“快,立刻,收拾东西。我这就开车,送你们去学校,五分钟内出发,可千万不能迟到了。咱们老顾家,没有不想学习的孩子!”
——
“话说,这一日,金刀令公杨继业收军回营,夜观天象,见南方将有……”
车载收音机里,播放着从点烟器接口转接MP3进去的刘兰芳的《杨家将》,顾童祥板着脸开车,时不时偷偷通过后视镜瞄一眼顾为经和顾林。
老爷子在心中悄悄想着:把孙子送走就好了,送走就好了,送走就解放了!送走就没有人搞加强练习了。

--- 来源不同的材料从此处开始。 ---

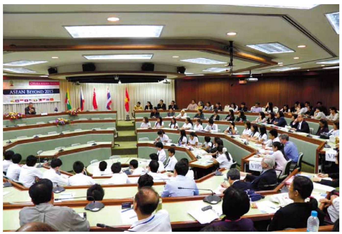
Students, academic staff and the general public attend the "ASEAN Beyond 2015" seminar at CU.

As the year 2015 edges closer, public interest in the ASEAN Community is bound to grow exponentially in anticipation of widespread changes it will bring. With all parties preparing for the coming transformation, Chulalongkorn University – in recognition of its responsibility as a pillar of the Kingdom in ASEAN studies – stands ready to provide support through the establishment of the ASEAN Studies Center of Chulalongkorn University.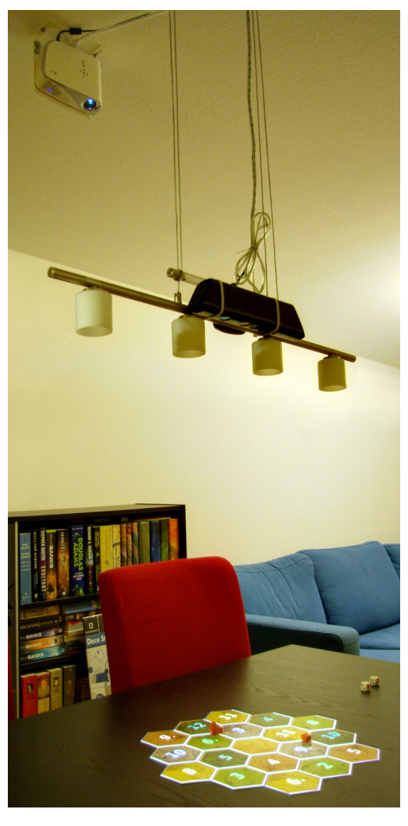
Figure 2: Interactive dining table with augmented board game, integrated into real-world living room

In this paper, we present and discuss an unobtrusive and low-cost system which is designed to address these issues. Our approach is to integrate the interactive components with the dining table in a real-world living room (see Figure 2). The system prototype is composed of a Kinect depth camera integrated into the table lamp for sensing interaction and a small LED-based projector mounted on the ceiling for displaying information on the table. The total cost of the system is approximately US$ 500 (excluding computer), placing it in the same price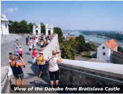
View of the Danube from Bratislava Castle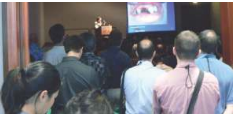
Attendees of a popular educational session at the 2006 Annual Session spill out into the hall of the Hawaii Convention Center.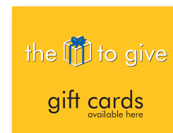
J Yellow Static Cling 6" x 4.5"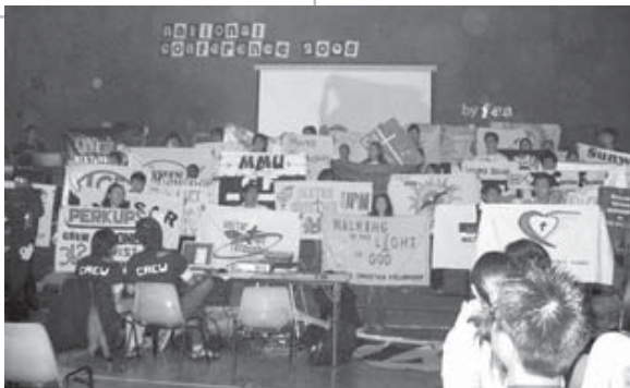
(Due to space constraint) ...and the rest :)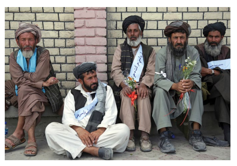
Members of the Helmand Peace Convoy rest in Kabul after marching more than three hundred miles from Lashkar Gah to protest the war.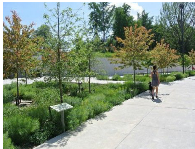
BIO RETENTION/RAIN GARDEN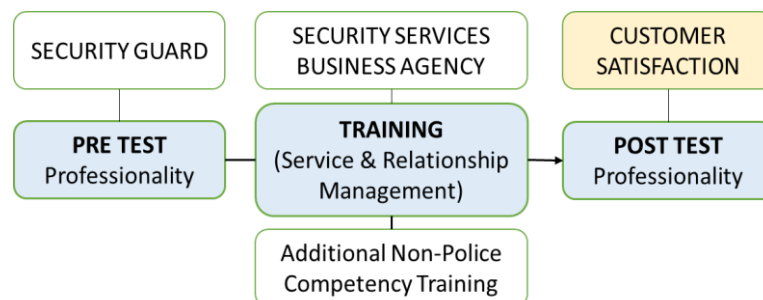
Figure 1. Scheme of thinking and research flow

The population in this study took a sampling of 40 employees in the security sector from 2 security service companies or security service business entities (BUJP) PT. DAS and PT. VIP in Surabaya, which places several employees from the security unit (Satpam) who have taken additional training beyond the technical and professional training material provided by the Directorate of Education and Security Development of the East Java Regional Police (POLDA). Security guards who receive additional training, in the form of soft skills material (knowledge and character) and hard skills (work attitudes and behavior) which are packaged in the customer relationship communication training material are the security guards selected to be placed in banking institutions, places of worship and markets. in Surabaya. The reason for choosing this sampling was based on the consideration that security guards who have undergone official training, apart from receiving a certificate from the National Police, as carrying out limited police functions, have increasingly important duties (Kurniawan et al., 2022), namely as the front guard for security, especially in companies or agencies, especially security guards who have received additional coaching and training (Billa, 2023). The research design can be described in the following scheme.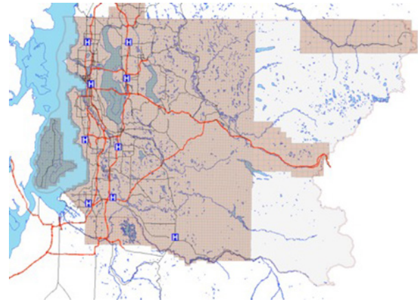
Figure 3 Geographic distribution of trauma centers in King County, Washington (central region).

This bill was passed into law as the Trauma Care Study Act of 1988 and called for the appointment by the Governor of a formal Trauma Care Steering Committee, chaired by Dr Jim Nania from Spokane, Washington. The committee was given the task of conducting a study of trauma care in Washington, developing a comprehensive trauma system plan and reporting recommendations to the Governor and legislature in January 1990, along with proposed implementation legislation. 4,5 The Steering Committee again included representatives of all the key EMS and trauma care provider groups in the state, statewide geographic representation and public representation. In addition to the committee, over 100 other interested experts within the state volunteered to participate in one of five technical advisory committees: data, prehospital, hospital, pediatric, and cost and public policy. The bill established a Trauma Trust Account funded for 2 years from the Public Safety and Education Account. This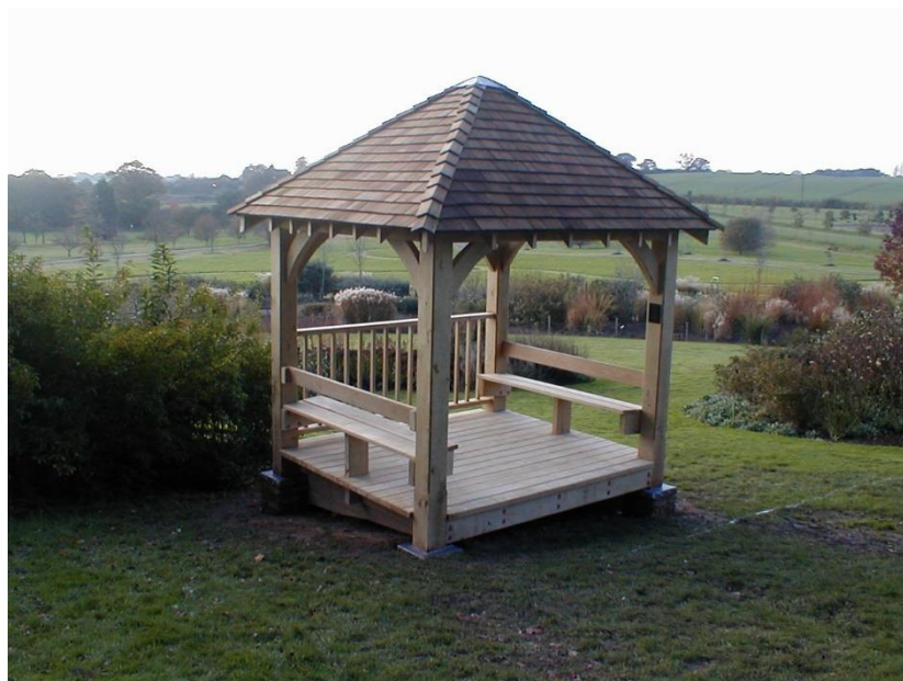
Fig.2. An example of the Oak-Framed Gazebo built by High Weald Furniture.

The Gazebo will be situated in the location that the derelict stables were positioned, adjacent to the access track (which is a public right of way). The structure will also serve to provide informal seating for passing walkers, with an information panel installed to inform visitors about the importance of breeding Swallows, and other nature found at the site.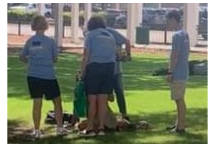
Handing out food to the homeless in Myrtle Beach. But more importantly....Praying with them and sharing God's Word and love!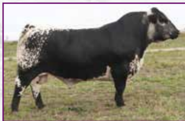
Colgan's Frasier CF 11F Full Sibling to Embryos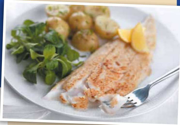
Haddock Fillet 227g (8oz) WAS £4.20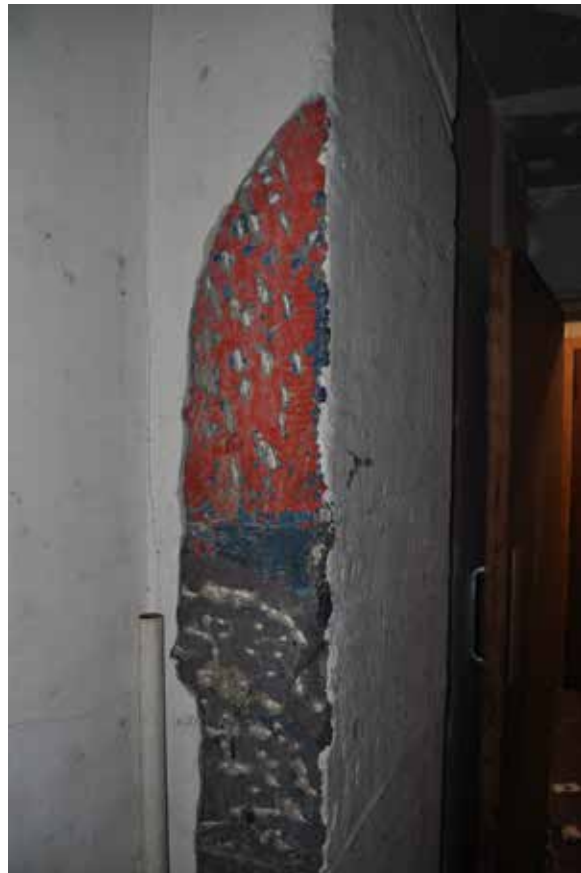
Plate 125: Building 3, Room 1/3, detail of toolmarks on exposed stonework on ENE facing wall of lower corridor, looking north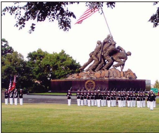
Iwo Jima Statue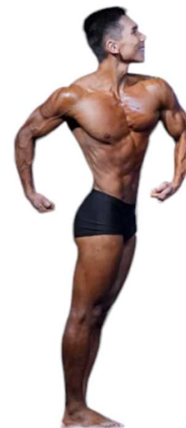
四份一轉體 ( 右轉 ) Quarter Turn Right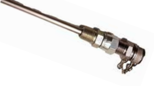
Xamine™ Oil Sample Port

Xtract<sup>™</sup> and Xamine<sup>™</sup> are trademarks of Lubrication Engineers.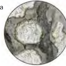
Lecanographa amylacea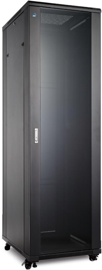
Front View Glass Door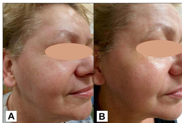
Figure 2 A 61-year-old female patient with diabetes mellitus type 2: (A) at baseline; (B) after a series of radiofrequency treatments. Note: Images property of Daria Sobkowska.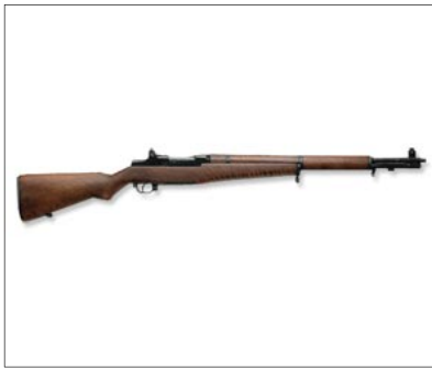
M1 and M1A service-grade Garand rifles must be used to compete for the trophy.

The cost will be $20.00, the same as last year; there is no cost if you just want to come out to watch. (or perhaps cheer on the participants?) At the March 2009 Detachment meeting, the members voted to only allow shooters competing M1 or M1A service-grade rifles. Of course, shoot for fun, you you want to bring shooting club will available but make with Doug Calvert one of those rifles the club. We will rounds, with a mix in the prone posi-(off-hand) posi-should be over be-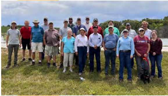
SWCS Group during Buck and Duck Creek Lake Tour

The 2023 Nebraska State SWCS Meeting was held June 28-30, 2023 at the Lied Lodge and Conference Center in Nebraska City.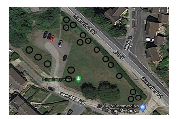
Mill Field (Great Dunmow South and Barnston Ward)

oak; and at Lower Mill Field Common May. The location of the proposed new trees is illustrated below.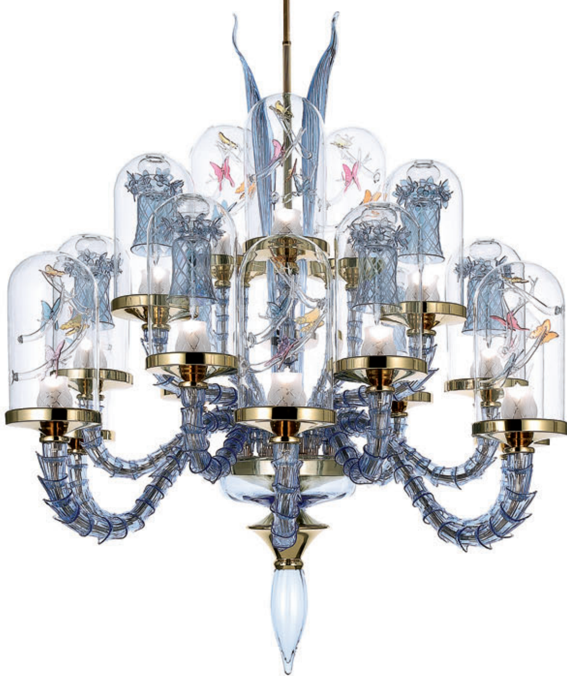
Jardin de Verre Chandelier S18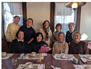
Former Kodaira Church Pastor retires.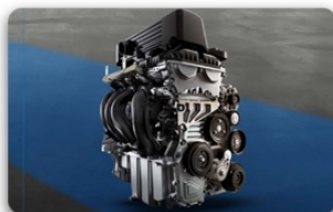
1800VVT naturally aspirated engine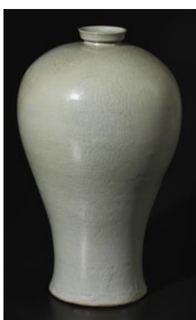
Maebyeong Korea, Goryeo period, 12th century

the form of a melon surmounted by a bushy-tailed squirrel holding a bunch of grapes. The work was acquired in Shanghai by collector/dealer Walter Hochstadter in the 1950s. A Ming period rhinoceros horn libation cup, carved in the shape of a hibiscus flower with a dragon clambering up its stem, is inscribed with a date corresponding to 1582 and a poem referring to two of the legendary seven sages of the bamboo grove, Ji and Ruan (11.5 x 19.4 cm). Also in rhinoceros horn is a figural carving of Bodhidharma from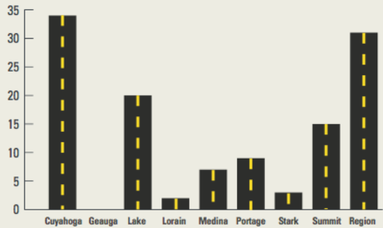
Percent of jobs that are transit accessible, by county

Less than one-third (31%) of the jobs in Northeast Ohio are transit accessible, or can be accessed by public transit in 90 minutes or less.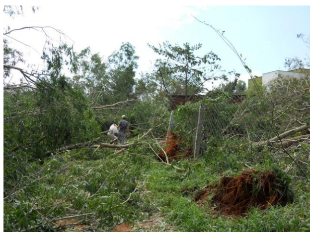
The road near Arati.

While the Matrimandir itself was not damaged, some branches of the Banyan Tree were broken off and in the Matrimandir gardens and around it, many trees fell down. Similarly, the gardens of Savitri Bhavan, the Visitor's Centre and Bharat Nivas suffered heavily, though there was no damage to the buildings. In the Sadhana Forest and Sve Dam communities, all the keet houses were fully destroyed.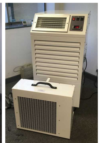
Industrial build quality

As Broughton strive to manufacture to the highest standards specifications and performances are subject to change without notice.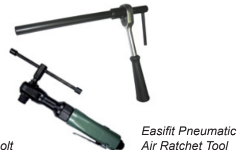
Easifit Pneumatic Air Ratchet Tool

In this article we have shared six common problems identified during 4B bucket elevator inspections. Many other issues can arise and our team of bucket elevator specialists is qualified to inspect and provide solutions to help bring your bucket elevator back to its optimum performance. Call us at 309-698-5611 to book your bucket elevator inspection.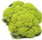
Cauliflower (assorted colours)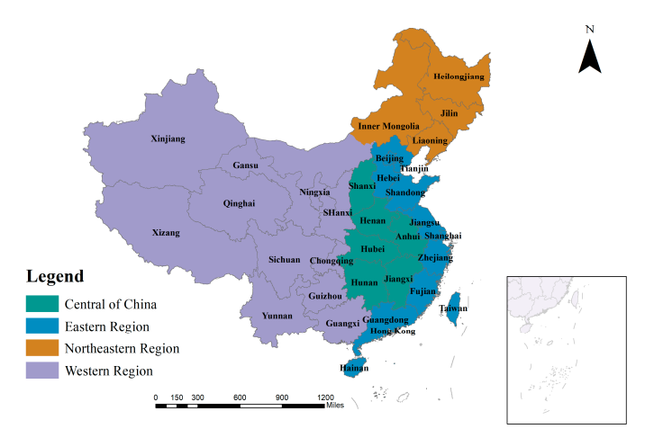
Figure 1. The study area: China's 34 provincial administrative units and four economic regions.

3.2. Data Declaration and Variable Selection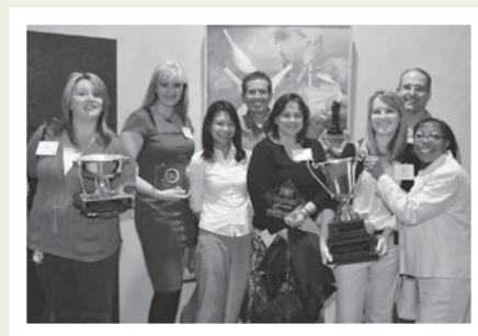
Cypress Employees pose with their awards.

Company with the highest per capita donation and more than 50,000 points total in a single year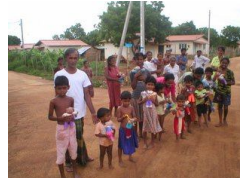
New homes and teddies donated by OST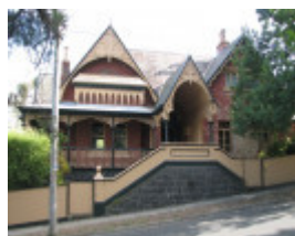
ALLOARMO SOHE 2008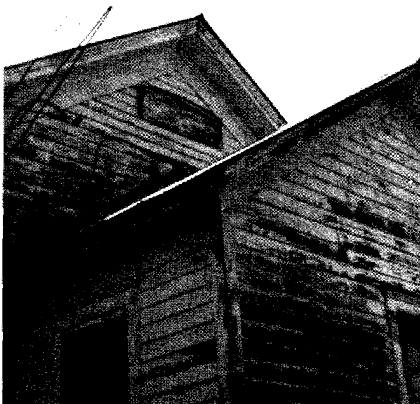
Facing the road, the sign on the Minneola school house is faded, but still legible.

a-day, Minneola, to revert to its original condition of Franklin county prairie. Below can be seen the old Minneola schoolhouse, now used by a private farmer to store his fertilizer and other equipment in.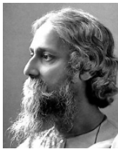
(A) Rabindranath Tagore

7. Who painted the famous painting of Bharat Mata?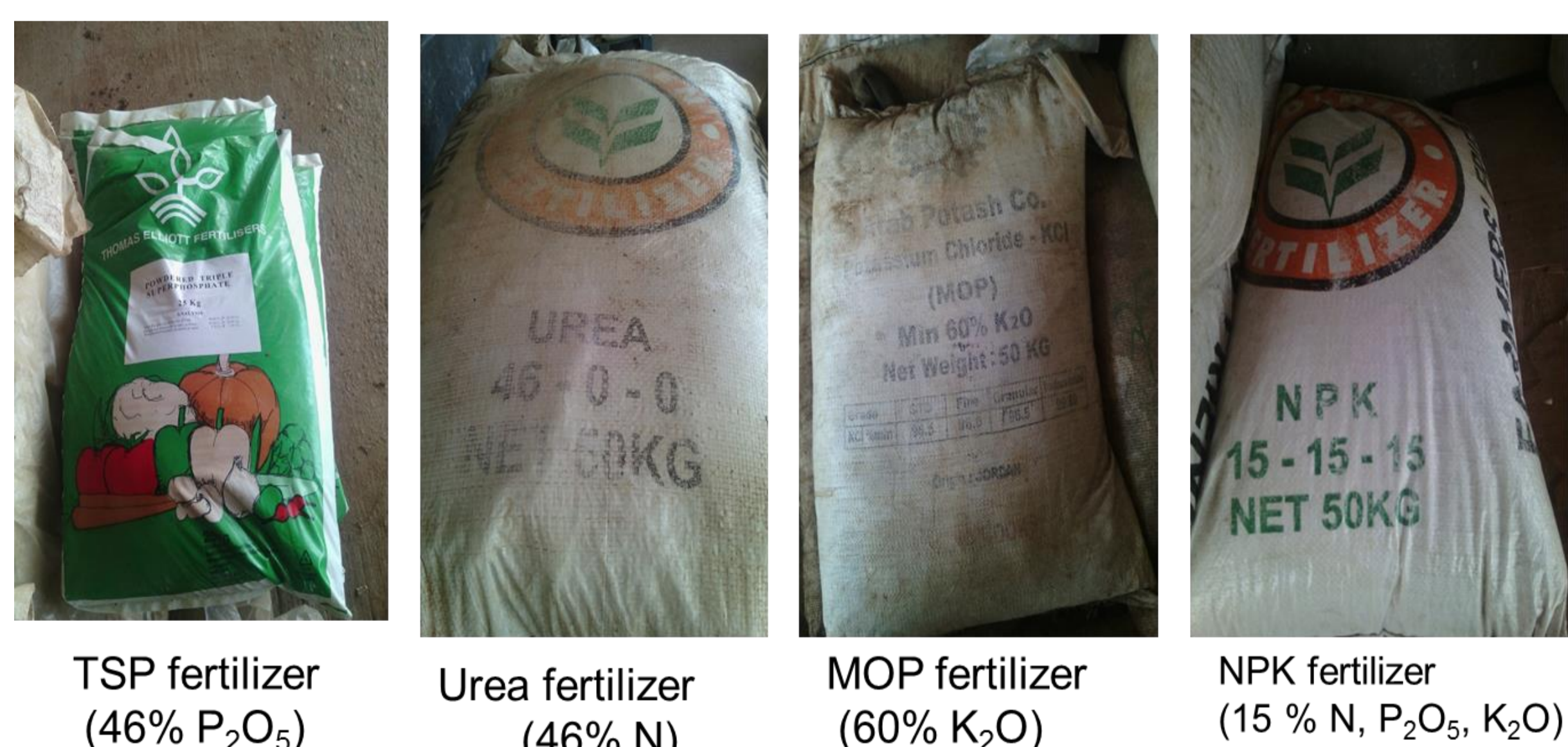
plate 1. Fertilizer types used in this study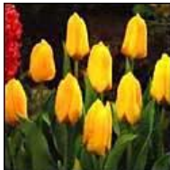
Figure 4. Candela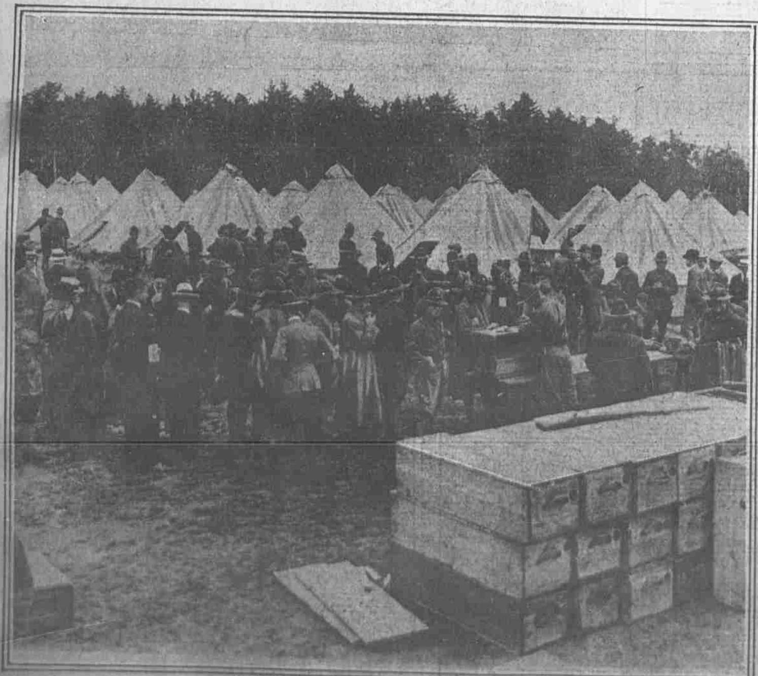
PLATTSBURG, N. Y., CAMP WHERE BUSINESS MEN ARE TAKING A COURSE IN MILITARY TRAINING. The picture shows the line-up for the distribution of equipment. Some of the recruits are in their first uniform. Others have not yet had time to put aside their citizens' clothes.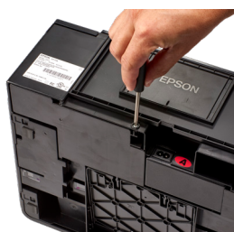
5 Set printer display side down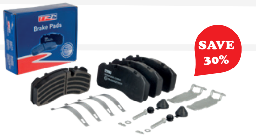
1970349 Disc Brake Pad Kit Suits Knorr SB6/SB6 caliper, MANTGA, Iveco Eurocargo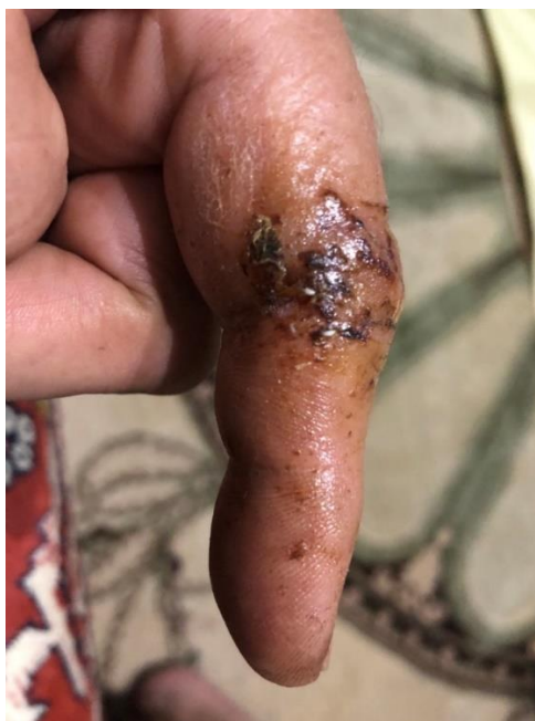
Figure 6 .1. September 30 2020(eighth day).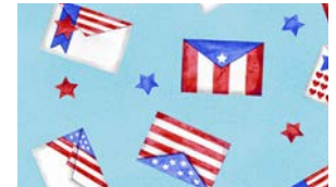
2163-17 Tossed Letters Light Blue/ Multi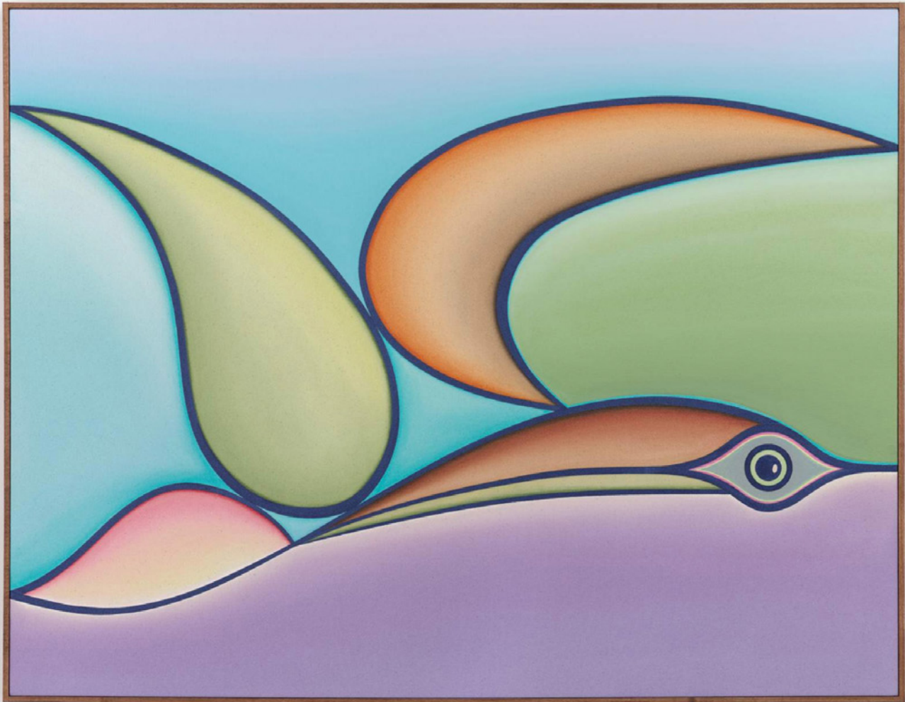
Anthony Miler, Not Titled , (2023).

“对了,爷爷,我昨天想了一下,有一个重要的事情,想和你商量一下,希望你能答应。”
顾童祥猛然觉得菊花一紧。
差点踩了脚急刹车。
稳了稳心神,老爷子这才深深的呼吸。
“事先说好,再加每天的临摹任务,我可真吃不消了。不管你怎么说,我就这个能力,再画,就要画得手抽筋了——”
顾童祥不知道。
他此刻脸上的表情,和曾经千里之外酒井大叔躺在史密斯机旁边健身椅上,死猪一样晃悠着白肚皮,面对想要让他加练有氧的健身教练,拼死不从的神情。
竟然有高达七分的相似程度。
只要练习,就能获得提高,人一生能碰到这样好事的机会并不多。
顾童祥知道这个道理。
但身体实在不以精神意志的转移。
顾童祥最近真的要被孙子操练的抽抽了。
如今每天的临摹任务量,都是告别了大多数老头老太们的喜闻乐见的消遣活动,凭一口心气,强顶下来的。
再加量了话。
就算有成为大画家的“胡萝卜”在眼前拴着,老爷子也真的要撒泼打滚了,躺在地上,撂挑子造反了。
“放心。不是增加临摹新画的事情。”顾为经摇头。
“那好……你说吧。”
顾童祥这才松了一口气。
像是想到了什么,又急忙的补充了一句,“搞什么回顾加强练习也不行啊!你爷爷我最近在生发,医生说了,要早点睡觉。就那几个珍贵的毛囊了,要是再不好好养一养……”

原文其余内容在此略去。